HERE ARE THE TALKING points I drew up for you for the campus rally to support new immigrants this evening?” Shyloh said. “You need to get up to speed.”
Judith had returned from a weekend visit with Taalia, their three-year-old daughter. Shyloh hadn’t seen her in two months and was eager to ask about her, but knew Judith wouldn’t tolerate it. He was concerned his frustration was showing.
Judith glanced at the paper on the table and took a drink from her stainless steel water bottle.
“Aiya’s taking the lead on this. No one will ask me anything.”
Shyloh sensed reluctance and if he did others would as well. There could be no cracks in the Triumvirate. “What is it, Judith?”
“There are legitimate concerns, Shyloh.”
“And we’re addressing them.”
“Not the way some would like to.”
“Judith, this is not the time. The people aren’t ready. We’re not ready.”

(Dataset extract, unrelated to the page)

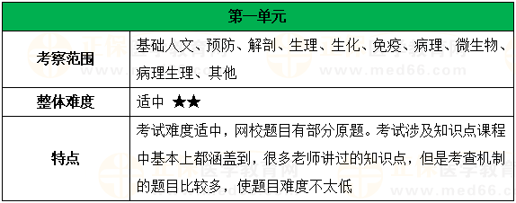 3.大部分在考察機(jī)制等,可見機(jī)制仍是第一單元考察的重點(diǎn),范圍包括基礎(chǔ)人文、預(yù)防、解剖、生理、免疫、病理、微生物、病理生理、其他(沒有藥理);題目沒有特別難理解的,只是考察機(jī)制比較多,有的學(xué)員反饋偏難。

“We could miss our chance.”
“Right now first and second generation citizens account for just over one-half the population of the province. There is no them or us. We’re all British Columbians, and at least for now all Canadians. We need to support them not demonize them.”
“I’m not talking about the second generation,” Judith said. She picked up the paper and scanned it. “We can’t accommodate any more first-generation immigrants, legal or otherwise. There is not enough affordable housing, there’s no money for settlement services, the province has a huge deficit.”
“Yes, and it will only get worse,” Shyloh said. “We know this, the three of us have discussed this. We have to let it play out, hopefully with a no violence. It will get worse before it gets better, but it will get better. We need to stick to the plan.”
“Aiya’s got this one. It’s her crowd.”
Judith was right. The rally was in response to the recent surge in racist activity cloaked as regionalism implying new immigrants were responsible for eroding Christian and national values, taking away jobs, and overwhelming the health and welfare system.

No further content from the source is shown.